Date of Award

Spring 8-11-2011

Degree Type


Degree Name

Doctor of Philosophy (PhD)


Middle-Secondary Education and Instructional Technology

First Advisor

Christine D. Thomas

Second Advisor

Pier A. Junor Clarke

Third Advisor

Wanjira Kinuthia

Fourth Advisor

Desha L. Williams


The 21st century mathematics classroom looks and operates differently than it did half a century ago. Not only are teachers expected to facilitate activities rather than lecture, they are also expected to utilize technology. The National Council of Teachers of Mathematics established the technology principle to guide teachers into this practice in 2000. Today there are middle school mathematics teachers who use technology effectively in the classroom. However, there is a dearth of literature in this area on how they select and use technology. The purpose of this qualitative study is to understand the process by which these teachers select and use technology in their classroom. Activity theory and teacher thinking process model provided a conceptual framework for this study. The guiding research questions are: (1) How do successful urban middle grades mathematics teachers, who use technology effectively, describe their teaching practices? (2) What are the strategies teachers use when integrating technology effectively in the classroom?

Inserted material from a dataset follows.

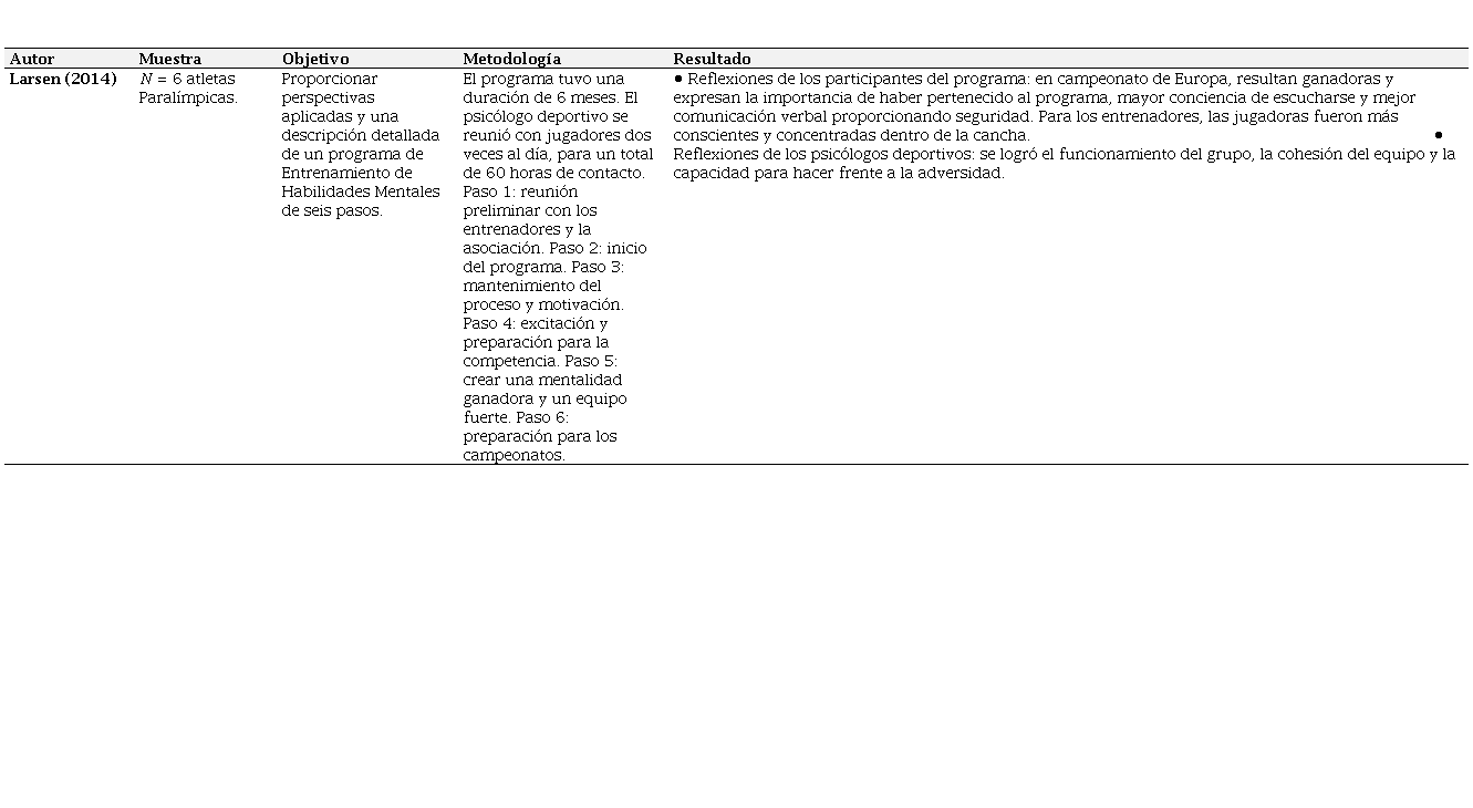 Pocos autores han discutido cómo un psicólogo deportivo puede trabajar con atletas con discapacidad (Hanrahan, 1998), y la mayor parte de la literatura se centra en el desarrollo de habilidades mentales específicas (Martin, 1999, citado en Larsen, 2014). En esta investigación, se encontró un artículo en el área de psicología referido a la aplicación de un programa de entrenamiento de habilidades mentales en alto rendimiento y se obtuvieron reflexiones por parte del entrenador y jugadoras destacando la importancia de haber sido parte de este programa, favoreciendo su consciencia, comunicación verbal y, a decir de los entrenadores, mayor conciencia y concentración durante la competencia. Por otra parte, los psicólogos deportivos del equipo hacen referencia al funcionamiento, cohesión y capacidad de hacer frente a la adversidad, lo que finalmente les permitió ser Campeonas de Europa y clasificar a los Juegos Paralímpicos de Londres 2012.

Using a case study approach, the researcher collected data over 4 months from 3 urban middle school teachers – one on each grade level 6th, 7th, and 8th. Data sources included lesson plans, semi-structured interviews, and classroom observations. Findings revealed that teachers consider the types of learners when deciding what technology is appropriate to use. Teachers also preview technology prior to using it in the classroom. Emerging themes were grouped in five categories to describe how teachers plan and implement technology effectively. They are preparation, engagement, assessment, communication, and evaluation. The research findings give strategies to support teacher’s decisions about using technology for all types of learners and how to be effective in every phase of learning – whether it is introducing a lesson, remediating skills, or assessing knowledge. These findings also enable stakeholders to make informed decisions about technology in their school so that teachers will be able to elevate the quality of instruction with appropriate technology resources. Extended research should measure the impact that technology has on student learning. The likelihood of teachers using technology and using it more often would increase at a faster rate if there is evidence that the growth of student achievement occurs more rapidly when using technology.